A Washington federal judge sentenced a man yesterday to serve five years in prison for deceiving one of the judge's colleagues on the bench.
David Copeland-Jackson, 40, pleaded guilty to a conspiracy to commit obstruction of justice and perjury in February 2011. After filing a defamation lawsuit in U.S. District Court for the District of Columbia in 2007, he admitted to filing a false affidavit that he had served the defendant and then filing court documents in the defendant's name. He won a $3 million default judgment from U.S. District Judge Ellen Segal Huvelle, which was vacated after she learned of the fraud.
U.S. District Judge Richard Leon sentenced Copeland-Jackson yesterday. The sentence also covered Copeland-Jackson's guilty plea in a separate case for mail fraud.
Copeland-Jackson's lawyer, Stephen Brennwald of Washington's Brennwald & Robertson, could not immediately be reached for comment this morning.
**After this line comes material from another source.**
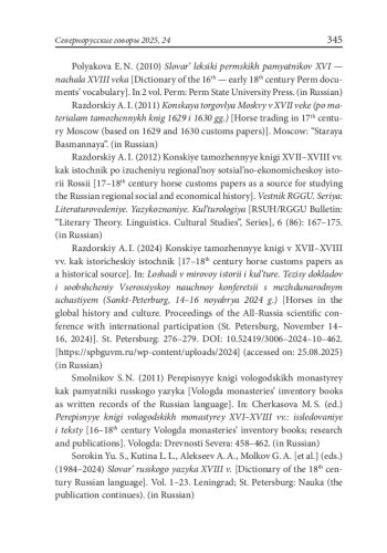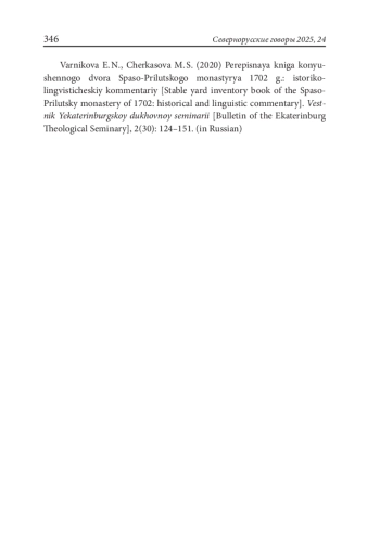 1. Варникова Е. Н., Черкасова М. С. (2020) Переписная книга конюшенного двора Спасо-Прилуцкого монастыря 1702 г.: историколингвистический комментарий. // Вестник Екатеринбургской духовной семинарии, 2 (30): 124-151.

A spokesman for the U.S. attorney's office, William Miller, declined to comment.
According to the statement of offense (PDF) filed as part of his guilty plea, Copeland-Jackson, who also went by the name Xavier Justice, pleaded guilty in 2000 in Ohio to gross sexual imposition involving two minor boys who attended a school where he was a teacher. After he was released from prison in 2003, he was sent back to D.C. to serve parole.
In June 2007, he sued one of the minor victims from the Ohio case, referred to as J.C., in D.C. federal court for defamation. With the help of a co-conspirator, Copeland-Jackson filed a false affidavit stating that J.C. was served with the complaint. Using a copy of J.C.'s signature, according to court documents, Copeland-Jackson filed statements under J.C.'s name. He never revealed his past conviction.
In August 2007, according to the U.S. attorney's office, Huvelle entered a $3 million default judgment in Copeland-Jackson's favor. Soon after the award, however, Ohio officials alerted Huvelle that Copeland-Jackson was still on parole for the 2000 conviction, at which point she vacated the judgment. He was arrested and charged with the conspiracy in July 2009.
Copeland-Jackson also pleaded guilty to committing mail fraud from 2005 to 2009. He was accused of enrolling relatives and former inmates in online college courses and then keeping student aid checks totaling $62,440. As part of his sentence, he'll have to pay back those funds.
"These schemes required substantial planning, a skillful ability to fabricate false documents, and a willful desire to trick and deceive others in order to successfully advance the defendant’s illegal goals," Assistant U.S. Attorney Jonathan Haray wrote in the government's sentencing memorandum (PDF). "Accordingly, this case calls for a significant punishment."
According to the U.S. attorney's office, Copeland-Jackson will be credited for the 42 months he already spent in jail.